CVE-2026-31591: Linux KVM AMD SEV-SNP vCPU Locking Race Can Crash Hosts

  • Thread Author

Dark console panel with four buttons, the rightmost lit red.CVE-2026-31591: Linux KVM SEV-SNP vCPU Locking Flaw Can Corrupt Guest State or Crash the Host​

CVE-2026-31591 is a Linux kernel vulnerability in KVM’s AMD SEV-SNP launch path. The issue affects the way KVM synchronizes Virtual Machine Save Areas, or VMSAs, when finalizing the launch of an SEV-SNP protected guest. In plain terms, the kernel was updating highly sensitive per-vCPU state during the final stage of confidential VM launch without first ensuring that all vCPUs were locked against concurrent manipulation. That opened a race window in which userspace could modify or run a vCPU while KVM was synchronizing and encrypting its VMSA.
The bug is specific, but the consequences matter: the vulnerable path could corrupt vCPU state, and in the worst case it could crash the host kernel. For virtualization operators, cloud platforms, confidential-computing environments, and anyone running AMD SEV-SNP guests on Linux KVM, this should be treated as an availability and isolation-hardening issue rather than a routine guest-only bug. The public NVD record describes the vulnerability as resolved in the Linux kernel and explains that userspace interaction during VMSA synchronization could corrupt vCPU state or crash the host.

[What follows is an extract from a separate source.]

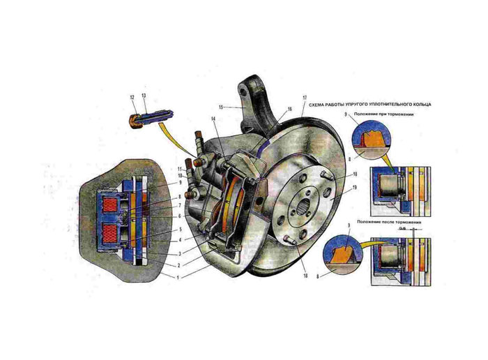 1. Рама. 2. Суппорт. 3. Диск. 4. Колодка тормоза. 5. Поршень (большой). 6. Корпус цилиндра 7. Грязезащитный чехол. 8. Поршень (малый). 9. Уплотнительное кольцо. 10. Фиксатор. 11. Гибкий шланг со штуцером. 12. Колпачок клапана. 13. Клапан выпуска воздуха. 14. Палец. 15. Поворотный кулак. 16. Пружина. 17. Щит. 18. Фиксатор. 19. Ступица колеса. |

What the Vulnerability Is​

CVE-2026-31591 sits in the AMD Secure Encrypted Virtualization code inside KVM, specifically the SEV-SNP launch finish flow. SEV-SNP, short for Secure Encrypted Virtualization with Secure Nested Paging, is AMD’s more advanced confidential-computing technology. It is designed to protect guest memory and strengthen the boundary between the VM and the hypervisor. In KVM, support for this feature involves carefully staged launch commands, firmware interactions, page-state transitions, measurement, encryption, and protected vCPU state handling.
The vulnerable operation occurs when KVM synchronizes VMSAs for SNP guests. A VMSA contains the saved architectural state associated with a virtual CPU. In an SEV-SNP guest, that state is security-sensitive because it is part of what allows the guest to run with encrypted and protected execution context. During launch finish, KVM needs to synchronize vCPU state into the VMSA and then transition that VMSA into the protected firmware-managed state.
The problem was that the SNP path did not lock all vCPUs while doing this synchronization and encryption work. If userspace, such as QEMU or another VMM process interacting through KVM ioctls, was allowed to manipulate or run a vCPU during this window, KVM could end up synchronizing inconsistent state. This is the classic shape of a race condition: one path assumes state is stable while another actor can still modify it.
The fix is direct and revealing. The kernel patch adds locking around all vCPUs before updating SNP VMSAs, changes error exits to go through a common unlock path, and adds a lockdep assertion to verify that the per-vCPU mutex is held when synchronizing the VMSA. The upstream stable patch description states that all vCPUs must be locked when synchronizing and encrypting VMSAs for SNP guests, because otherwise userspace could manipulate or run a vCPU while its state is being synchronized.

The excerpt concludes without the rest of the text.